For thousands of years, aboriginal people have existed on the foods truly at hand, that which could be hunted or caught, and supplemented with berries, wild fruits, greens and grains. Some of these tribes stayed nomadic, wandering deserts and the Great Plains; others settled and created stable communities. And no matter the circumstances in which they lived, at some point in the history of every community and each group, someone cooking a meal added a touch of sweet grass or fragrant wild herb, or a dab of honey smeared on grilled fish or smoked game. Basic survival food evolved into a genuine cuisine.

Now we have a chance to explore Canadian aboriginal gourmet dishes in Toronto on November 26–27 at the 12th Annual Canadian Aboriginal Festival & Pow Wow.

This huge event celebrates Native culture with gourmet food, fashion, storytelling, music and a spectacular beginning, The Grand Entry, the ceremony during which more than 1500 dancers dressed in Native regalia enter the pow wow circle to the rhythm of Aboriginal drumming.

We're going to be hungry after this fabulous opening, so we'll head for Origins Restaurant, with a menu inspired by the Origin of Aboriginal foods. All beverage accompaniments are non-alcoholic and have been specifically sourced out for their compatibility with the menu chosen by an award-winning Toronto sommelier. She hand-picked the accompanying non-alcoholic wines, and we knew you'd love to read her "wine" notes (in italics) with each dish.

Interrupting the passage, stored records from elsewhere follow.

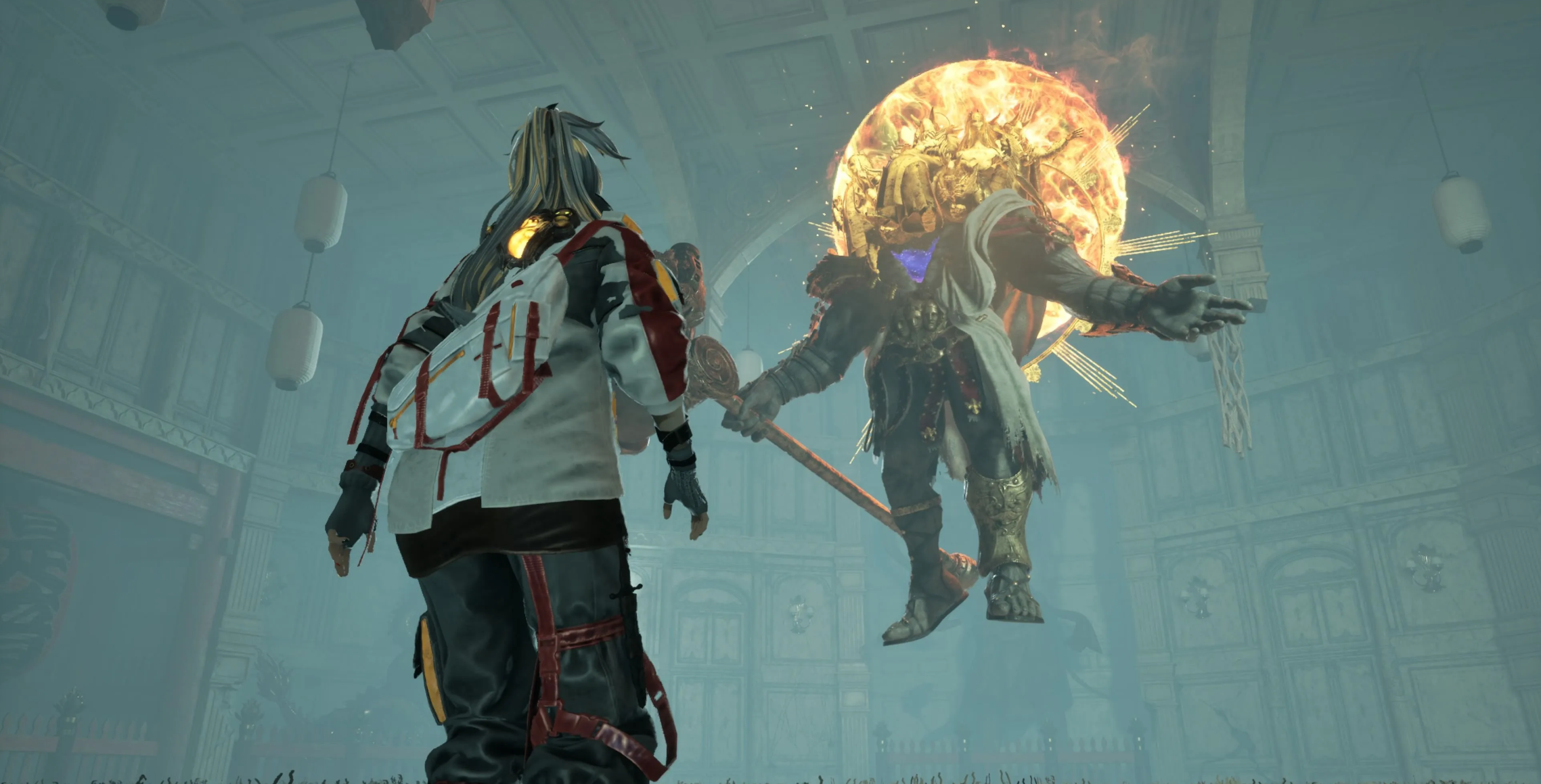 Когда здоровье босса упадет до 60–70%, он сменит бычью маску на золотой убор и отбросит защитное снаряжение. Скорость анимаций резко возрастет, а арсенал пополнится дальнобойными магическими приемами. Теперь уклоняться придется гораздо чаще и точнее.
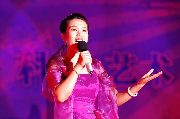 由校工会教师王丽静表演的女生独唱:《中国大舞台》
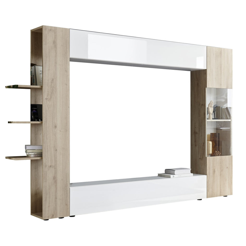 Rangement Meuble de Salon Mural Meuble TV Bibliothèque Murale et Meuble Colonne TFT Akira 2 Blanc et Chêne

Gazing at Origins menu, we might start our feast with one of these delectable appetizer combinations:

Rabbit Saddle Stuffed with Sage Bread Dressing served with Honey Candied Yam with an Ariel Chardonnay California. "This chardonnay surprises the palate with hints of honeydew melon and mire lemon. A good balance with candied yams."

Smoked Duck Breast Skewered with Vegetables and Grilled served with Orange Honey Dipping Sauce. Try the Carl Jung Sparkling: "This golden sparkler will cleanse the palate and support the smoked finish in the duck breast. As well, the fruit in this sparkling beverage will marry well with the Orange Honey."

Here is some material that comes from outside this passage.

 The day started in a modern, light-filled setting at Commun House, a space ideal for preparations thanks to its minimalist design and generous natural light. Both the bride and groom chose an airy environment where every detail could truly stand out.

Buffalo Tenderloin Skewered with Mushrooms and Leeks served with a Red Wine Sauce along with Becks DeAlcoholized Beer, Germany: "The hops and malt will balance the earthiness of the mushrooms and sweetness of the leek. A fine example of a well-made brew."

How about a salad? North American Spring Greens with Wind Dried Salmon and a Blueberry Vinaigrette is served with an Efferve Sparkling Lemonade France. "This refreshing palate cleanser that perks the taste buds with ripe citrus petillante. Naturally sweetened with beet sugar, this beverage will balance the aromatic vegetables of the salad as well as the richness of the wild rice in the consommé."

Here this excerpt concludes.